THE DATA:

──────

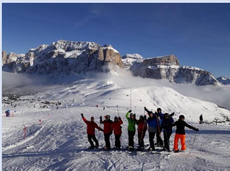
Unterwegs auf der sella ronda
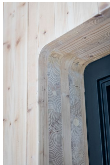
I kjernen står konstruksjonen frem med vakre detaljer.

materialvalg for alle innvendige elementer. De karakteristiske elementene i tre danner en grunnpalett av eksponert tre med lypigmentert olje. Glassveggene er festet mot trebjelkene slik at disse enkelt kan demonteres for fleksibel bruk. I kontorarealene er det tepper i resirkulerbart garn. På toalettene benyttes linoleum fremfor fliser, som ikke er sirkulært, og må sendes til deponi. Akustikk ivaretas med treullsement montert direkte i den eksponerte himlingen.
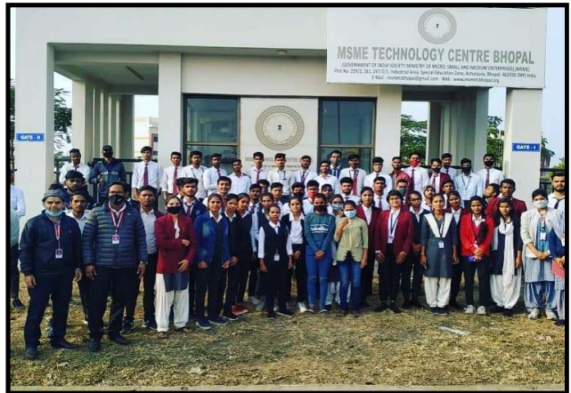
Industrial Training at MSME Technology centre, Bhopal
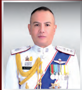
พล.ต.ท. รอย ธิงคไพโรจน์ ผบช.ศ.
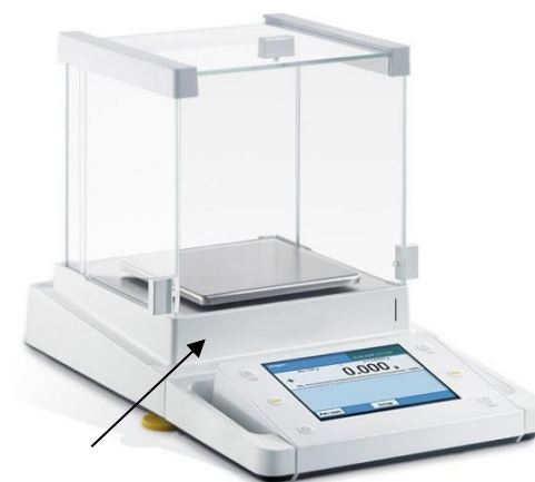
Рисунок 1б - весы AC-1-3

──────

EXERCISE INSTRUCTIONS: What is needed is every record above printed exactly, with no pictures.

ANSWER BOX:
Unterwegs auf der sella ronda
I kjernen står konstruksjonen frem med vakre detaljer.

materialvalg for alle innvendige elementer. De karakteristiske elementene i tre danner en grunnpalett av eksponert tre med lypigmentert olje. Glassveggene er festet mot trebjelkene slik at disse enkelt kan demonteres for fleksibel bruk. I kontorarealene er det tepper i resirkulerbart garn. På toalettene benyttes linoleum fremfor fliser, som ikke er sirkulært, og må sendes til deponi. Akustikk ivaretas med treullsement montert direkte i den eksponerte himlingen.
Industrial Training at MSME Technology centre, Bhopal
พล.ต.ท. รอย ธิงคไพโรจน์ ผบช.ศ.
Рисунок 1б - весы AC-1-3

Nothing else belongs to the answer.